Der – am 11. März 2014 eingeführte – Rahmen zur Stärkung des Rechtsstaatsprinzips umfasst drei
Stufen (siehe auch die Abbildung in Anhang 1): Das gesamte Verfahren basiert auf einem
kontinuierlichen Dialog zwischen der Kommission und dem betroffenen Mitgliedstaat. Die Kommission
informiert das Europäische Parlament und den Rat eingehend und in regelmäßigen Abständen.
- Sachstandsanalyse der Kommission: Die Kommission holt alle relevanten Informationen ein
und prüft sie daraufhin, ob es klare Anzeichen für eine systemische Gefährdung der
Rechtsstaatlichkeit gibt. Gelangt die Kommission auf der Grundlage der gewonnenen Erkenntnisse
zu dem Ergebnis, dass in der Tat eine systemische Gefährdung der Rechtsstaatlichkeit vorliegt,
tritt sie mit dem betroffenen Mitgliedstaat in einen Dialog, indem sie eine „Stellungnahme zur
Rechtsstaatlichkeit“ an den Mitgliedstaat richtet, in der sie ihre Bedenken begründet.

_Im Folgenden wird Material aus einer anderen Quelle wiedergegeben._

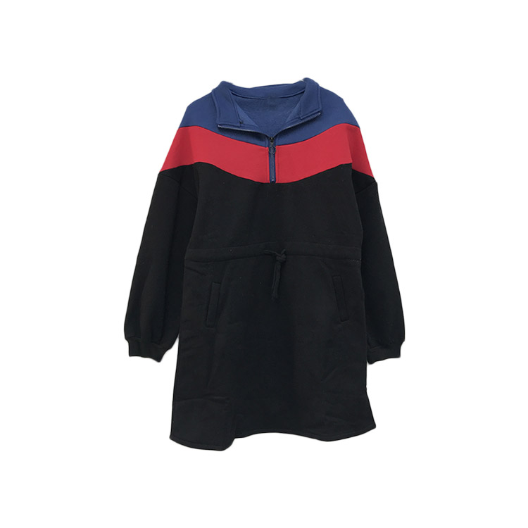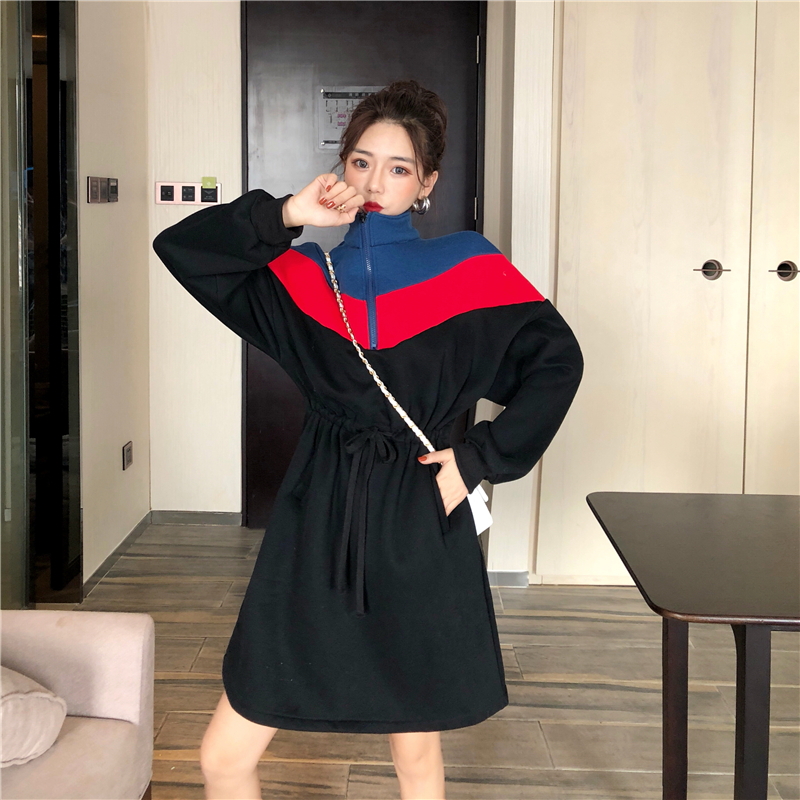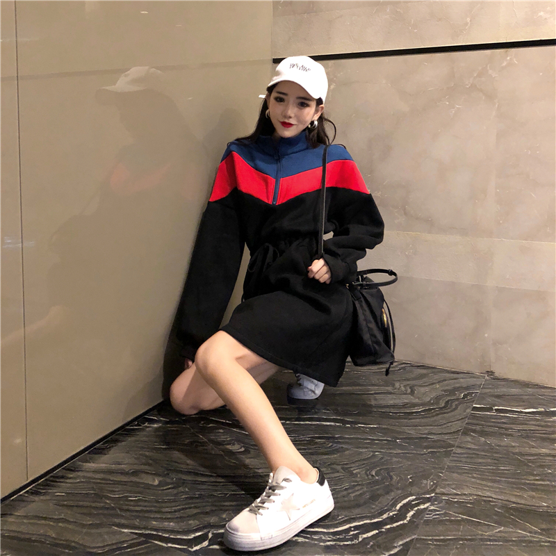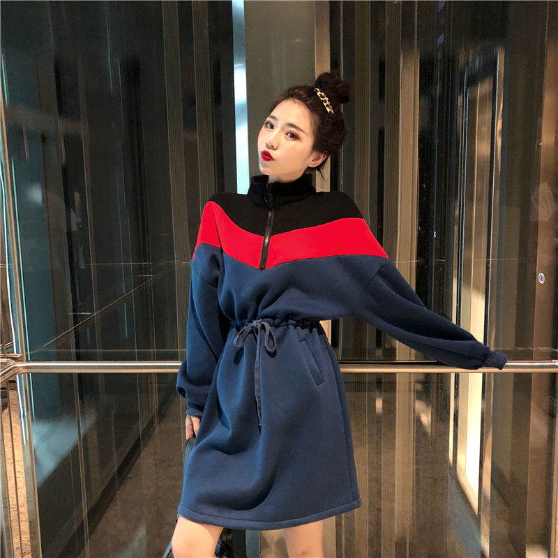 復古韓國chic風寬松撞色拉鏈拼色收腰顯瘦百搭長袖立領衛衣連衣裙

Diese
Stellungnahme dient als Warnung an den Mitgliedstaat und gibt diesem die Möglichkeit zu
reagieren.
- Empfehlung der Kommission: In der zweiten Verfahrensphase kann die Kommission eine
„Empfehlung zur Rechtsstaatlichkeit“ an den Mitgliedstaat richten, sofern die Angelegenheit in der
Zwischenzeit nicht zufriedenstellend geregelt werden konnte. In diesem Fall setzt die Kommission
dem Mitgliedstaat eine Frist, innerhalb deren er die beanstandeten Probleme zu beheben hat, und
der Mitgliedstaat informiert die Kommission über die hierzu von ihm unternommenen Schritte. Die
Kommission veröffentlicht ihre Empfehlung.
- Follow-up zur Empfehlung der Kommission: Als dritten Schritt verfolgt die Kommission die
Maßnahmen, die der Mitgliedstaat auf die Empfehlung hin getroffen hat. Kommt der Mitgliedstaat
der Empfehlung innerhalb der gesetzten Frist nicht zufriedenstellend nach, kann die Kommission,
das Europäische Parlament oder eine Gruppe von 10 Mitgliedstaaten erwägen, ein Verfahren nach
Artikel 7 des Vertrags über die Europäische Union einzuleiten.